● To do:
What needs reproducing is the run of lines in the data below starting at the line with "Регулировка длины осуществляется" and ending at the line with "Function: Heating, Vibration(9Modes", both ends included. Copy it exactly, without pictures, and add nothing.
=== Supplied material ===
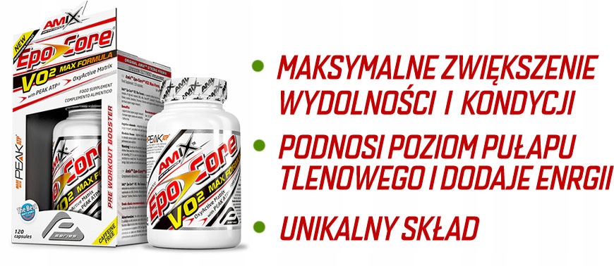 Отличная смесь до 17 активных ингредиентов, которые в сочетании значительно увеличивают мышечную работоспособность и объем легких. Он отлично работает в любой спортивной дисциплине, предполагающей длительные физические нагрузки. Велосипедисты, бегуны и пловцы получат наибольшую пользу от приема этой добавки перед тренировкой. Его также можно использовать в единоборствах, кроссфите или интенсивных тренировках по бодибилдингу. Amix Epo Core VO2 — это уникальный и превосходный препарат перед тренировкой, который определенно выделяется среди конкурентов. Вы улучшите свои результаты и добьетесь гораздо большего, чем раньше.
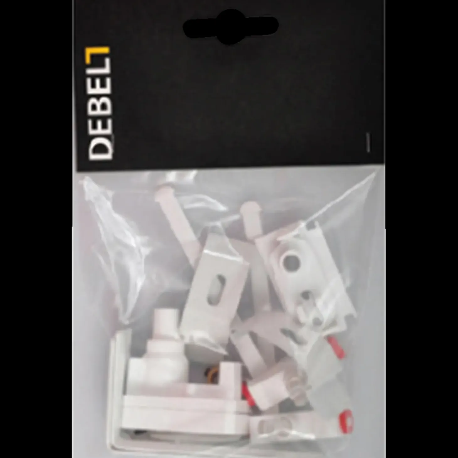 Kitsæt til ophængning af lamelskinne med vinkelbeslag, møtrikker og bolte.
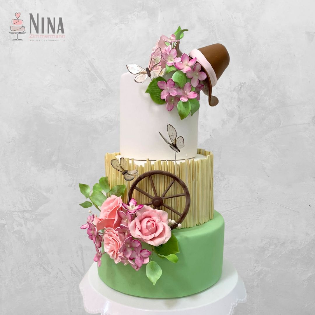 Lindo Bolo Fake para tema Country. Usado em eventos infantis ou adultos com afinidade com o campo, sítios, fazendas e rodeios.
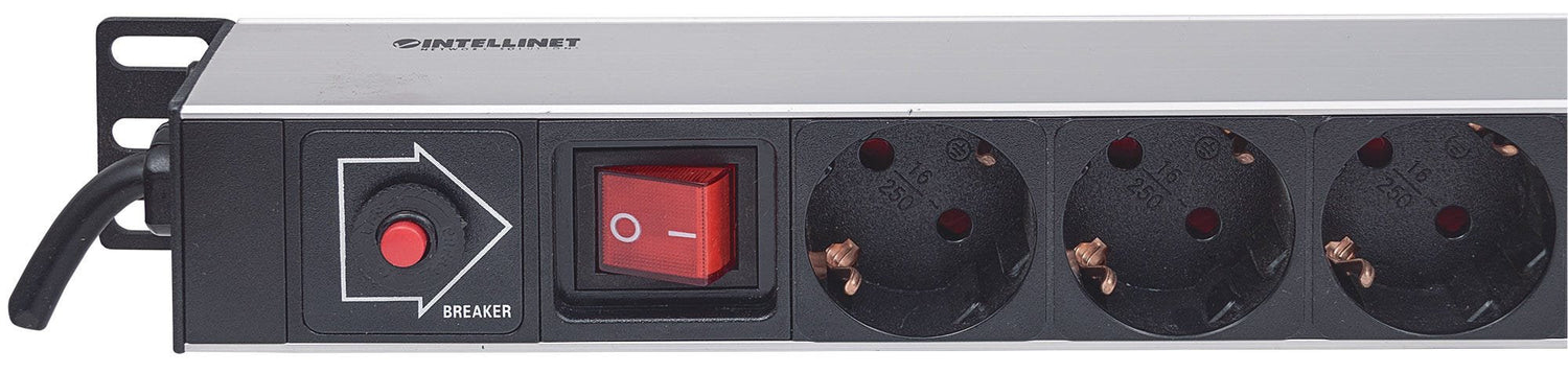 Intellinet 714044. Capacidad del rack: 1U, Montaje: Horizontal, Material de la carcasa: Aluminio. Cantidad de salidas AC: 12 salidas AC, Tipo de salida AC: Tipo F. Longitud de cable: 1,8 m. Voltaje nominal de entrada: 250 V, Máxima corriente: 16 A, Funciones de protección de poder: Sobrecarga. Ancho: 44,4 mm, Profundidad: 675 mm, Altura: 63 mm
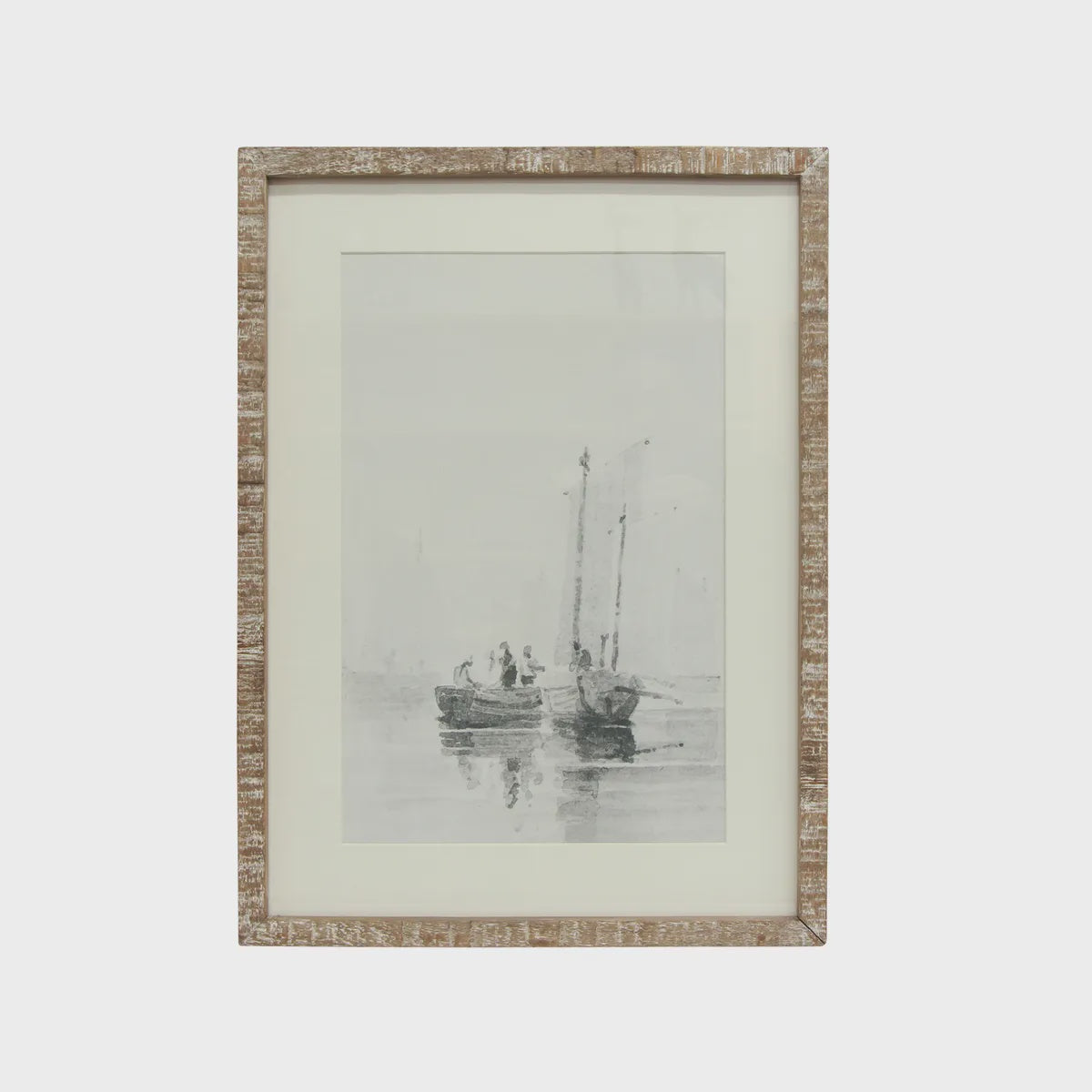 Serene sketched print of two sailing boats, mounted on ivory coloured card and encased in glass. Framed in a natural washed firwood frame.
===
=== Supplied material ===
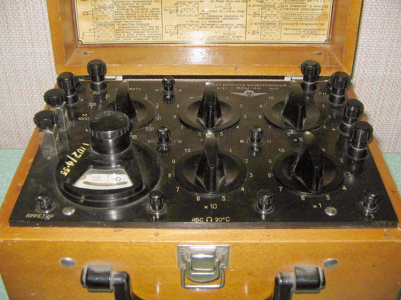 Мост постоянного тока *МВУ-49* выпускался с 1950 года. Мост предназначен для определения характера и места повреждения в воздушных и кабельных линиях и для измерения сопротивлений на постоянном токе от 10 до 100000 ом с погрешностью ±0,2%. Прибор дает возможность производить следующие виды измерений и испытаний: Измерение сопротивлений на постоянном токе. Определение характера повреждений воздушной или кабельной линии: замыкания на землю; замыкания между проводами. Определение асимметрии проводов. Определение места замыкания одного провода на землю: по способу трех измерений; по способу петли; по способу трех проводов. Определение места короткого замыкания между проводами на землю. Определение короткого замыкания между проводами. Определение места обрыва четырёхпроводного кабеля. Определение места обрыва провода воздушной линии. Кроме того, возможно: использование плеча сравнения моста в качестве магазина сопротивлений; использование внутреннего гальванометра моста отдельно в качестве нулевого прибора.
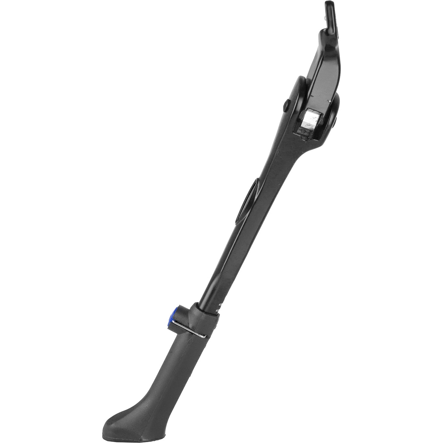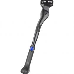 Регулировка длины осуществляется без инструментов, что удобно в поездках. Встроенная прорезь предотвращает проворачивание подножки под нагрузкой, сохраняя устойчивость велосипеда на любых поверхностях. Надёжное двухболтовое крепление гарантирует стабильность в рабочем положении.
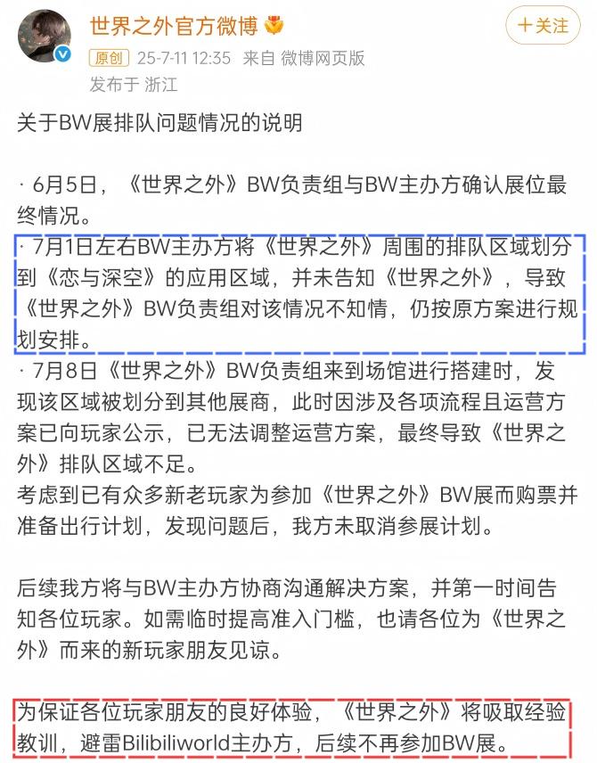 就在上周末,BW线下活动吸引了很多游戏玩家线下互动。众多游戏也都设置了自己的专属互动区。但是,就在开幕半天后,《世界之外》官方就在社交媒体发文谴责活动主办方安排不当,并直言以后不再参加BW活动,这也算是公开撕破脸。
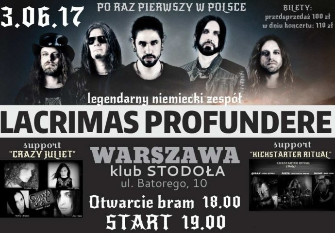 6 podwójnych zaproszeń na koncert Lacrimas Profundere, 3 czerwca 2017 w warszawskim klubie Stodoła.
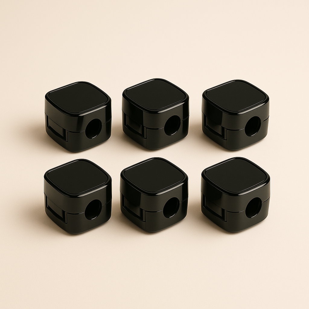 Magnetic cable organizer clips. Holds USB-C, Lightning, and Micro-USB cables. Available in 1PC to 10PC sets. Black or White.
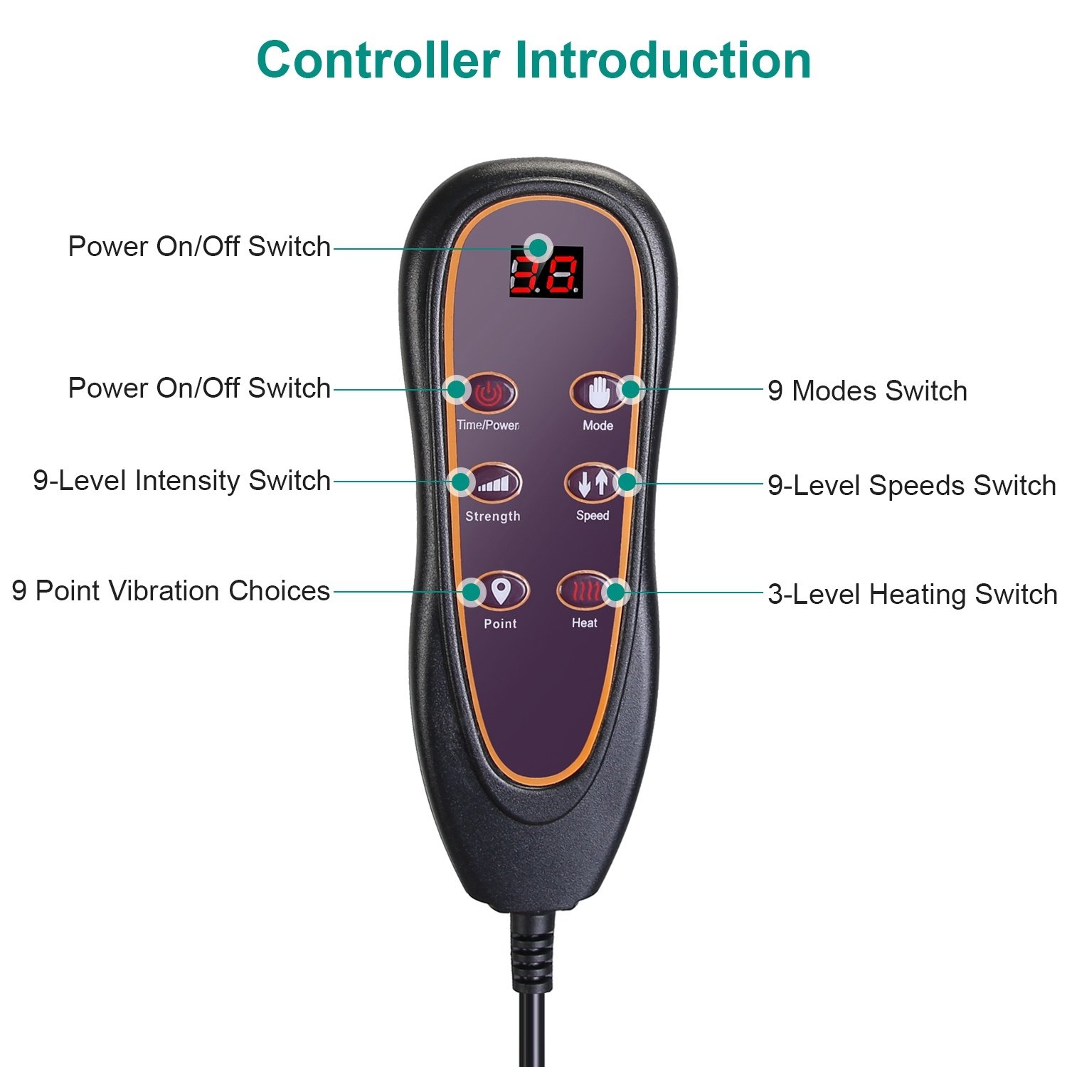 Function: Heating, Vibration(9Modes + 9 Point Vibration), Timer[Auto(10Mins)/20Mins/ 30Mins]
===
● Written response:
 Регулировка длины осуществляется без инструментов, что удобно в поездках. Встроенная прорезь предотвращает проворачивание подножки под нагрузкой, сохраняя устойчивость велосипеда на любых поверхностях. Надёжное двухболтовое крепление гарантирует стабильность в рабочем положении.
 就在上周末,BW线下活动吸引了很多游戏玩家线下互动。众多游戏也都设置了自己的专属互动区。但是,就在开幕半天后,《世界之外》官方就在社交媒体发文谴责活动主办方安排不当,并直言以后不再参加BW活动,这也算是公开撕破脸。
 6 podwójnych zaproszeń na koncert Lacrimas Profundere, 3 czerwca 2017 w warszawskim klubie Stodoła.
 Magnetic cable organizer clips. Holds USB-C, Lightning, and Micro-USB cables. Available in 1PC to 10PC sets. Black or White.
 Function: Heating, Vibration(9Modes + 9 Point Vibration), Timer[Auto(10Mins)/20Mins/ 30Mins]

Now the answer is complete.